Elements computational statistics pdf




















Computational inference is based on an approach to statistical methods that uses modern computational power to simulate distributional properties of estimators and test statistics. This book describes computationally intensive statistical methods in a unified presentation, emphasizing techniques, such as the PDF decomposition, that arise in a wide range of methods.

This book describes an interactive statistical computing environment called 1 XploRe. As the name suggests, support for exploratory statistical analysis is given by a variety of computational tools. XploRe is a matrix-oriented statistical language with a comprehensive set of basic statistical operations that provides highly interactive graphics, as well as a programming environ ment for user-written macros; it offers hard-wired smoothing procedures for effective high-dimensional data analysis.

Its highly dynamic graphic capa bilities make it possible to construct student-level front ends for teaching basic elements of statistics. Hot keys make it an easy-to-use computing environment for statistical analysis. The primary objective of this book is to show how the XploRe system can be used as an effective computing environment for a large number of statistical tasks. The computing tasks we consider range from basic data matrix manipulations to interactive customizing of graphs and dynamic fit ting of high-dimensional statistical models.

The XploRe language is similar to other statistical languages and offers an interactive help system that can be extended to user-written algorithms. The language is intuitive and read ers with access to other systems can, without major difficulty, reproduce the examples presented here and use them as a basis for further investigation.

Numerical analysis is the study of computation and its accuracy, stability and often its implementation on a computer. This book focuses on the principles of numerical analysis and is intended to equip those readers who use statistics to craft their own software and to understand the advantages and disadvantages of different numerical methods.

Author : Wendy L. Martinez,Angel R. With a strong, practical focus on implementing the methods, the authors include algorithmic descriptions of the procedures as well as. Cram Just the FACTS studyguides gives all of the outlines, highlights, and quizzes for your textbook with optional online comprehensive practice tests.
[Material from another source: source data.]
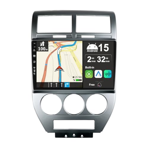 JOYX Android 15 IPS Autoradio Pour Jeep Compass 1 MK (2006-2010) - 2G+32G - Sans fil Carplay + Android Auto - Caméra arrière GRATUITES - 2 Din 10.1 Pouce - Dab Volant BT WLAN 4G Fast-boot Split-Screen
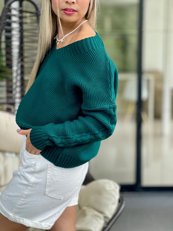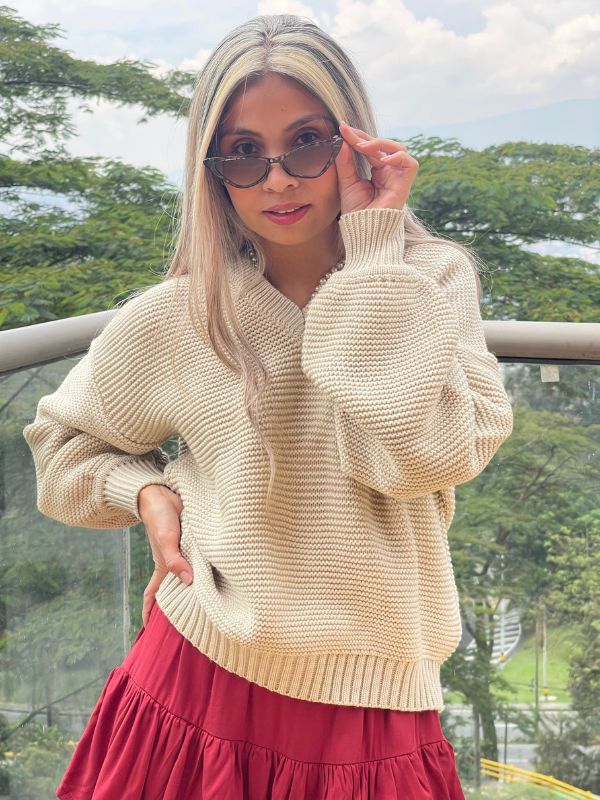 Buzo tejido cuello V con detalle en las mangas.
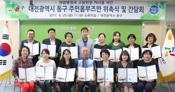 대전 동구(구청장 한현택)는 지난 25일 구청 소회의실에서 청렴행정과 주민 고충민원 처리를 위한 주민옴부즈만 위촉식을 개최했다.
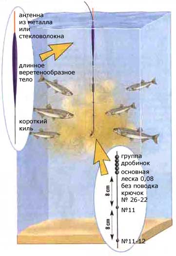 >>1811 Удлиненный поплавок практически всегда является лучшим решением для ловли уклейки, за исключением случаев, когда её действительно очень много. Действительно, в этом случае оснастка опускается на место поступательно, и можно обнаружить любую поклевку на любой глубине погружения оснастки. Для начала лучше всего использовать огрузку из соединенных вместе грузиков, за которыми располагаются на одинаковом расстоянии две маленьких дробинки, но после того, как вы точно выясните на какой глубине стоит уклейка, можно использовать одиночную оливку или крупную дробинку. Использовать поводок нет смысла, так как риск обрыва лески очень мал, а на цельной леске наживка спускается более естественно. На что бы вы ни ловили (на мотыля, на синтетическую пасту Mystic или пинки), используйте длинные крючки, с которых легко снимать добычу. Хитрости: наиболее крупная уклейка ловится рядом с облаком прикормки.
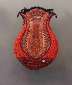 At first glance, one might think that Kina Bogdanova’s mosaic sculpture represents an ornamental flower, perhaps a vase in form of a flower. By its form, it could be a tulip. However, the title suggests it to be a fish, more exactly a “Tulip Fish”. The body of the fish very stylised. It is deprived of his lateral fins, and his tail fin is only hinted by the form and a black fabric. Its three-dimensional body is adorned with a red dominated mosaic formed by beads, mirrored and Tiffany glass. These mosaic elements might be seen as the fish scales. On the darker coloured head is a small round eye: a circle of black pearls surrounds a white field, which accentuates a murrina in yellow and red shades.
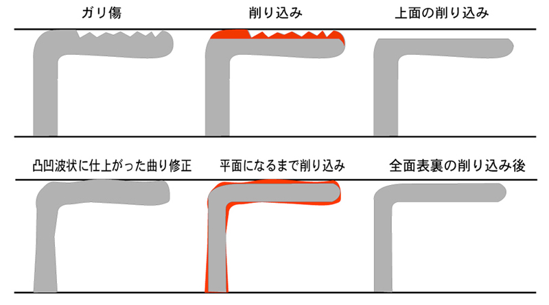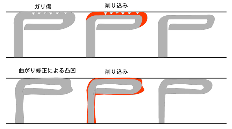 ※削り込み修正の手直しは全面肉厚の復元が不可能なため、手直し修正不可となります。
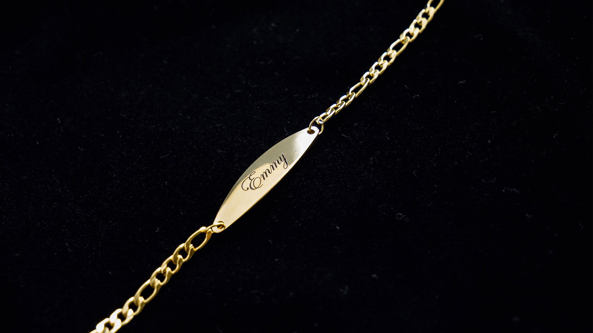Puedes personalizar una amplia gama de joyas y objetos, incluidos anillos, pulseras, collares, relojes, charms, llaveros y adornos personalizados, con grabados que van desde simples textos hasta complejos diseños decorativos.
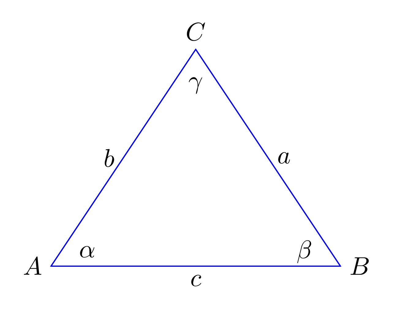 \[ \frac{a}{\sin \alpha} = \frac{b}{\sin \beta} = \frac{c}{\sin \gamma} \tag{1.4}\]
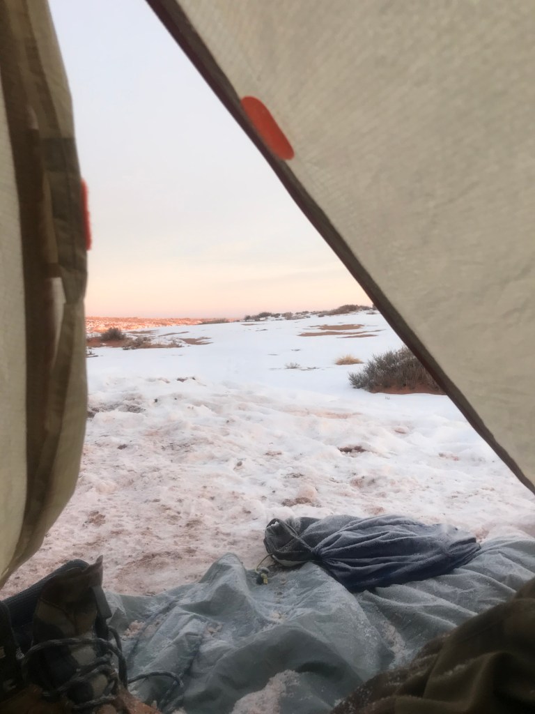 Waking up in a toasty warm sleeping bag, and knowing that you have to get out of it into 10 degree weather takes some serious motivation. It helped that we had a remote start on our vehicle which was about 50 feet away (putting on icy boots and getting from tent to car was not our favorite thing). It was motivation enough to know we were going to Moonshine Wash, which was promising in terms of scenery and adventure.
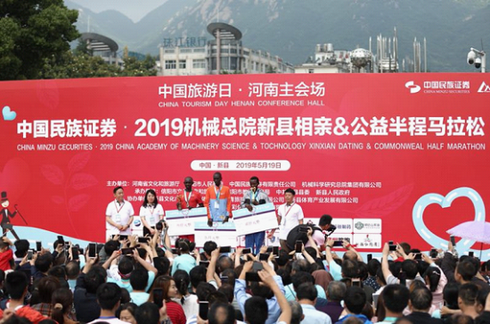 5月19日,正值第9个中国旅游日。在新县—2019年中国旅游日河南分会场,来自国内外6000余名运动员与健身运动爱好者汇聚新县广场,共同见证“中国民族证券•2019机械总院新县相亲&公益半程马拉松”的开跑时刻。
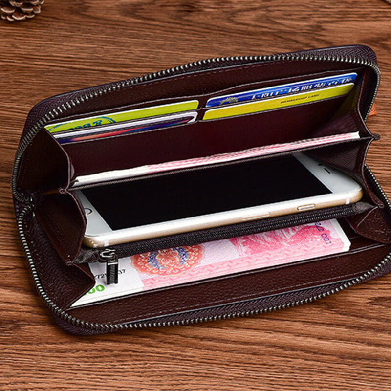 Design: Es verfügt über 8 sorgfältig angeordnete Kartenfächer, die problemlos verschiedene Bankkarten und Mitgliedskarten aufnehmen können. Außerdem gibt es 2 geräumige Scheinfächer und 1 Reißverschlussmünztasche, die Ihre Finanzverwaltung ordentlich und übersichtlich halten.
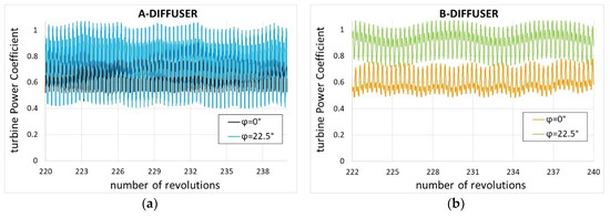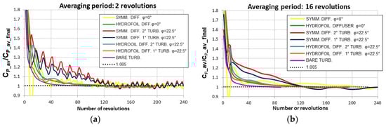 The graphs also show a dashed line indicating the value 1.05, that corresponds to a convergence criteria threshold reputed fairly conservative (and assumed, for instance, by Almohammadi et al. in [47]). On the base of these verifications, in the current study we simulate 100 rev. for bare turbines, 200 rev. in case of the hydrofoil shaped diffuser, and 240 rev. in case of the symmetrical diffuser. Moreover, a great attention is paid to individuate the averaging period that is more suitable to each of the cases, in order to avoid any oscillation of the CP results (that would inflict the comparison between different cases). According to this, the reader must remember that in the following the meaning of CP is “CP averaged on a proper number of revolutions”.

Only Cram is Textbook Specific. Accompanies: This item is printed on demand.

During the past decade there has been an explosion in computation and information technology. With it have come vast amounts of data in a variety of fields such as medicine, biology, finance, and marketing. The challenge of understanding these data has led to the development of new tools in the field of statistics, and spawned new areas such as data mining, machine learning, and bioinformatics. Many of these tools have common underpinnings but are often expressed with different terminology.

This book describes the important ideas in these areas in a common conceptual framework. While the approach is statistical, the emphasis is on concepts rather than mathematics.
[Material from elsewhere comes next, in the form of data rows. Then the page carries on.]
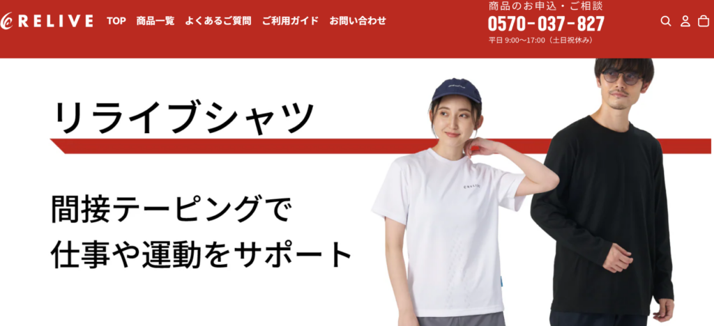 リライブシャツは、独自のテーピング技術を応用した設計で、着るだけで体の動きをサポートすることを目的としたウェアです。血流や筋肉の動きを意識した構造になっており、日常生活での疲労軽減をサポートします。
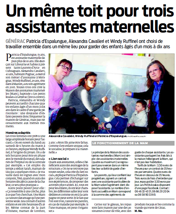 Notre Mam est composée de trois assistantes maternelles professionnelles agréées par le conseil général:
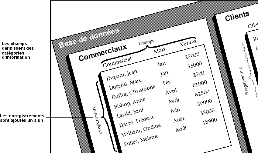 Les informations dans une base sont organisées sous la forme d’enregistrements. Chaque enregistrement contient toutes les informations sur une personne ou un “élément” de la base. Par exemple, chaque enregistrement dans un carnet d’adresses contient le nom d’une personne, son adresse et son numéro de téléphone.
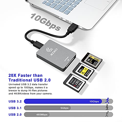Lettore di Schede XQD con Lettore di Schede tipo B CFexpress, lettore di schede di memoria CFexpress/XQD USB 3.2 Gen 2 da 10 Gpbs, compatibile con la scheda XQD di Sony G/M Series Lexar 2933x/1400x
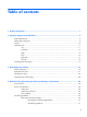 Table of contents 1 Product description ........................................................................................................... 1 2 External component identification ..................................................................................... 4 Multimedia features .................................................................................................................. 4 Tablet edge components .............................................................................
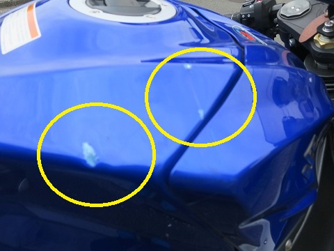 14:22 やっちまったよー。 (ToT) タイヤ交換をしようと、レーシングスタンドを立てようと思ったら、バイクがツツツーっと動いてグラリ。 ガシャン! (゚Д゚) 転かして、しまいました。 (ToT) 自宅の前の道は、結構な坂になっているんですよ。 レーシングスタンドを立てるとき、一気にスタンドで上げないと、バイクが坂を下っていてしまうんです。 でも、一気にスタンドをかけようとして、フックに両方とも上手くかかってないと、これまた片側だけ浮いて倒れてしまう。 今回は、かけるタイミングが遅くて、バイクが下り坂に向かって動いてしまい、支えることが出来ずに、立ち転けさせてしまいました。 「あーあっ。 タンクにキズが・・・・・。」 これで、10万円は価値が下がったな。 (-_-T) |
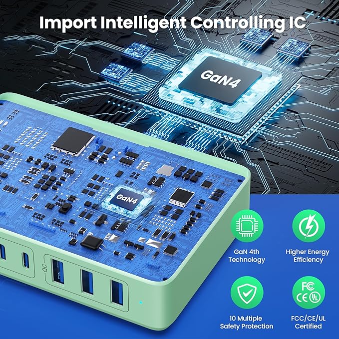 - 【Latest GAN Ⅳ Chip Technology Charger Station】The USB C charger adapted GaN Ⅳ generation chip technology, built-in multi-protection system and premium microchips. With higher energy efficiency, higher resistance to radiation and upgraded heat dissipation, Gallium Nitride (GaN) makes our chargers smaller and safer without sacrificing a drop of power. Trustworthy Charging Station with 3 Years Warranty!
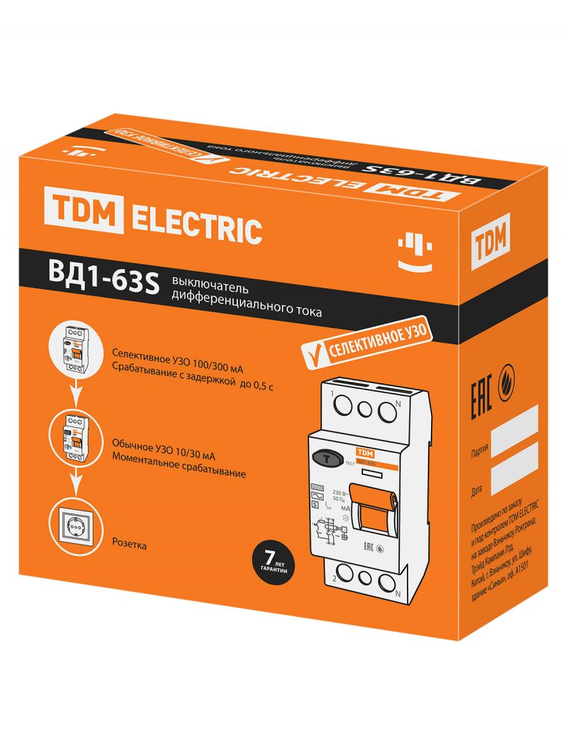 Устройство защитного отключения ВД1-63S 2Р 63А 100мА TDM
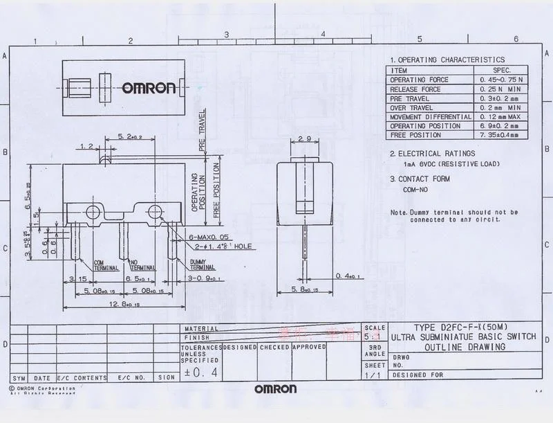 D2FC-F-7N 20 м имеет срок службы в 20 миллионов раз. Более поздние ощущения немного прочнее и ломче, с контактами из серебряного сплава и слегка толще шрапнели.
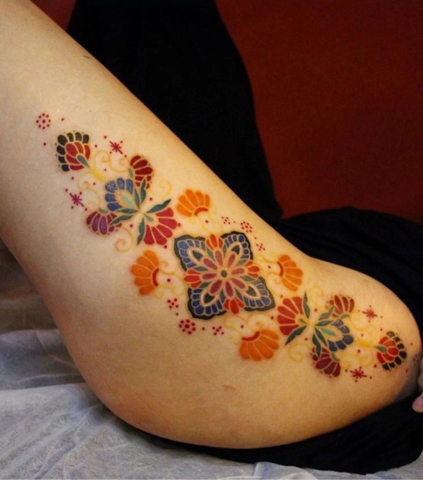 女孩性感大腿上漂亮的装饰风格曼陀罗花纹身图案
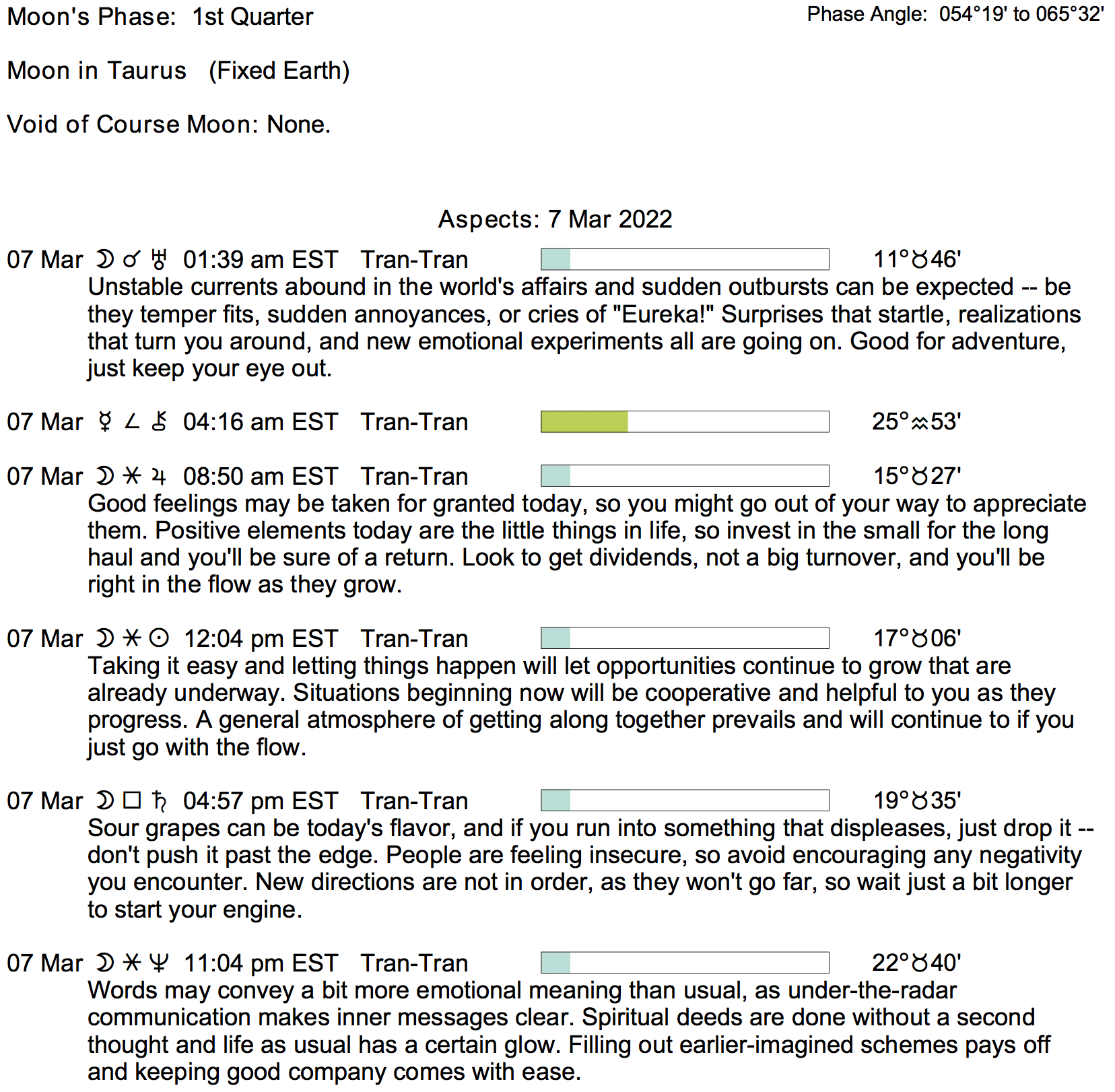 If you’re astrologically inclined and interested in the details of the Astrology of today, here are some of the factors considered in the forecasts:

Many examples are given, with a liberal use of color graphics. It should be a valuable resource for statisticians and anyone interested in data mining in science or industry.
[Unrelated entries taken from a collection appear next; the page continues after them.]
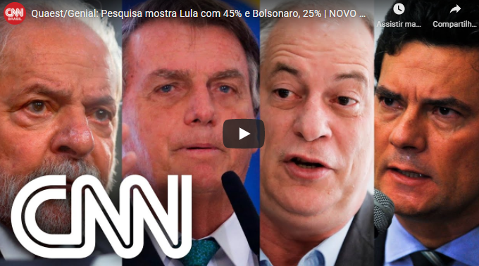 Pesquisa Quaest/Genial: Lula tem 45% e Bolsonaro, 25%; Ciro tem 7% e Moro, 6%
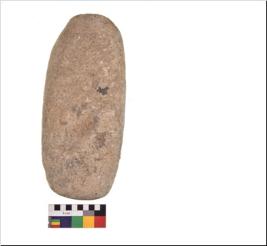 | Description / विवरण | Specimen of a roughly rectangular shaped saddle quern with smooth surface. It is creamish in colour and round in cross section. |
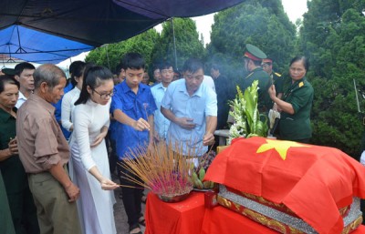 Phát biểu tại buổi lễ, đồng chí Phó Chủ tịch UBND tỉnh Lê Thị Kim Dung nhấn mạnh, theo tiếng gọi thiêng liêng của Tổ quốc, tình hữu nghị Việt - Lào, quân tình nguyện Việt Nam đã sát cánh với quân đội Lào cùng chiến đấu anh dũng. Các chiến sỹ đã cống hiến tuổi thanh xuân cho sự nghiệp giải phóng dân tộc, góp phần tạo nên thắng lợi của cách mạng 2 nước Việt - Lào. Chiến tranh đã lùi xa nhưng nhiều chiến sỹ quân tình nguyện Việt Nam vẫn nằm lại nơi chiến trường. Phát huy truyền thống “Uống nước nhớ nguồn”, thực hiện chủ trương của Đảng và Nhà nước, các đơn vị tìm kiếm hài cốt liệt sỹ đã tích cực tìm kiếm, quy tập hài cốt liệt sỹ về quê hương an táng. Tỉnh ủy, HĐND, UBND, Ủy ban MTTQ tỉnh trân trọng cảm ơn những việc làm cao cả của Ban Chỉ đạo 1237 tỉnh Nghệ An, Bộ Chỉ huy Quân sự tỉnh Nghệ An đã không quản ngại khó khăn, gian khổ tìm kiếm, đưa hài cốt liệt sỹ trở về địa phương chu đáo, an toàn, đáp ứng tâm nguyện, mong ước của Đảng bộ, chính quyền và nhân dân các dân tộc trong tỉnh.
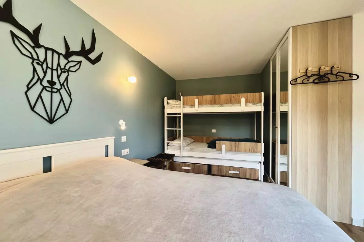 - a bedroom with a double bed and a bunk bed;

The many topics include neural networks, support vector machines, classification trees and boostingthe first comprehensive treatment of this topic in any book. They are prominent researchers in this area: Hastie and Tibshirani developed generalized additive models and wrote a popular book of that title. Tibshirani proposed the lasso and is co-author of the very successful An Introduction to the Bootstrap. This Bayesian modeling book is intended for practitioners and applied statisticians looking for a self-contained entry to computational Bayesian statistics.

Focusing on standard statistical models and backed up by discussed real datasets available from the book website, it provides an operational methodology for conducting Bayesian inference, rather than focusing on its theoretical justifications. Special attention is paid to the derivation of prior distributions in each case and specific reference solutions are given for each of the models.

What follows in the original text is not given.